La tendance américaine apparaît plus solide et, surtout sur une meilleure pente. Si l'indice composite de 51 ne marque pas un gros écart avec celui de la zone euro, la surprise des dernières publications est l'amorce d'un frémissement industriel et immobilier.
L'économie américaine profite de sa dépendance limitée à l'international. Les données internes de la demande (politique monétaire, marché du travail, coût de financement, accès des entreprises au financement sur les marchés) permettent finalement à la croissance de se maintenir, même sur un rythme qui se modère au fur et à mesure de l'atténuation de l'effet fiscal et budgétaire après trois exercices de plans Trump.
Les chiffres chinois sont toujours compliqués à interpréter. Le sentiment à leur étude est qu'ils traduisent une évolution un peu similaire à celle des États-Unis : une amélioration relative, en tout cas pas une accélération du ralentissement de l'expansion. Cette stabilisation de la dégradation ne vaut pas rebond. La croissance de la production industrielle revient à 4,4 % en rythme annuel, son plus bas niveau depuis trente ans, et confirme en quelque sorte les conséquences du changement de modèle, plus axé sur l'interne que sur l'exportation. Les 6 % de croissance vont être tenus cette année, mais il faut s'attendre à un rythme inférieur à ce fameux seuil l'année prochaine.

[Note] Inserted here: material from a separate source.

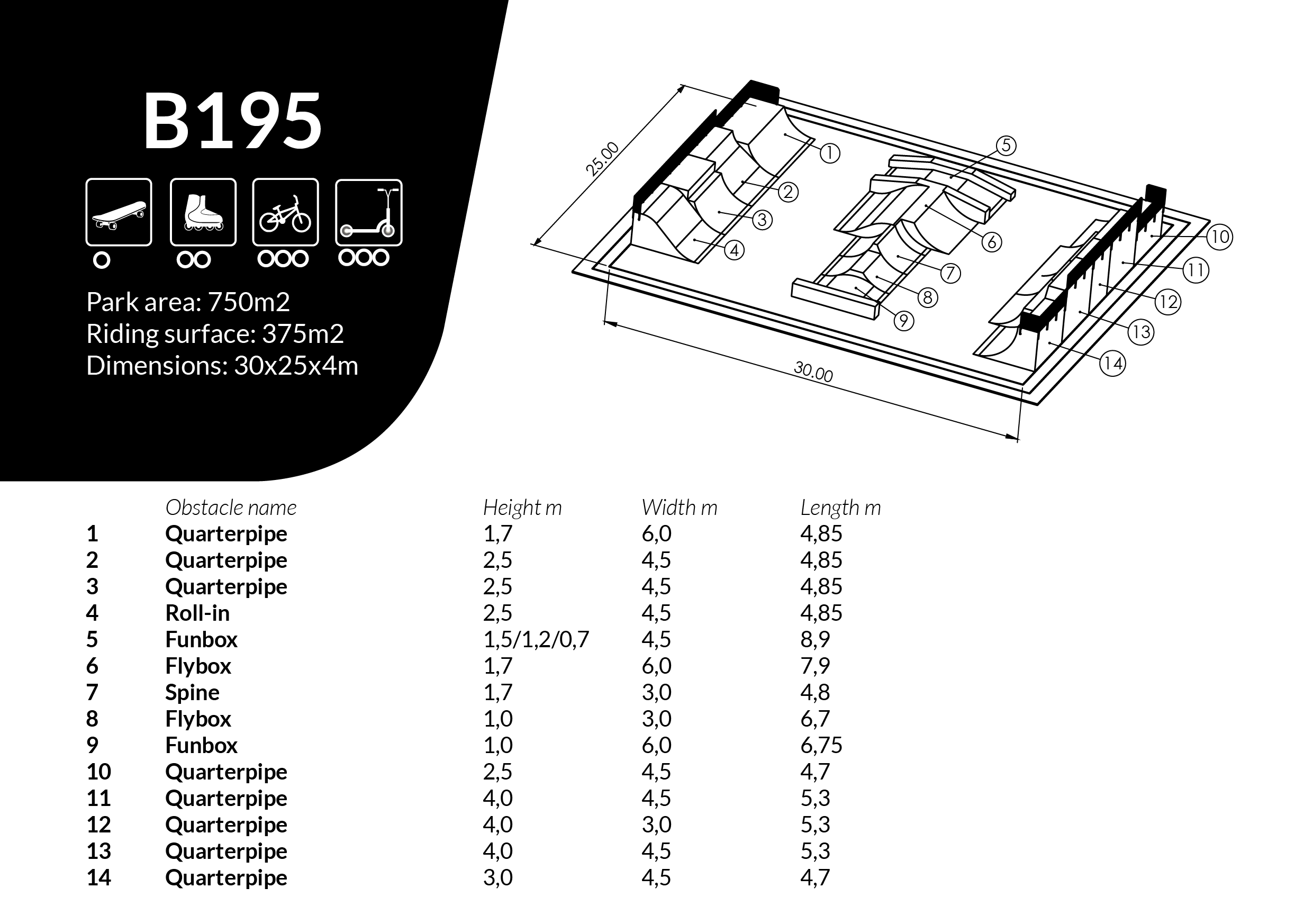 Skateboard Sofia är utformad som skateparklösning för skateparker och offentliga aktivitetsytor. Mått: L 25 m, B 30 m, H 4 m.

Sur la base des indicateurs avancés que sont les PMI, les trois grandes zones qui portent l'économie mondiale vont contribuer à la croissance dans des proportions bien différentes : encore 33 % pour la Chine, 23 % pour l'Amérique du Nord, et moins de 10 % pour l'Union Européenne (dans son périmètre actuel). Un rebond, même léger ne semble envisageable qu'après l'accord commercial États-Unis – Chine. Si sa conclusion est très probable dans le calendrier de l'élection américaine, de son ampleur dépendra les conséquences sur le commerce et, donc, sur la conjoncture générale. Mais, même de façade, un cessez-le-feu est indispensable pour stabiliser une croissance mondiale sur un rythme le plus proche possible de 3 %.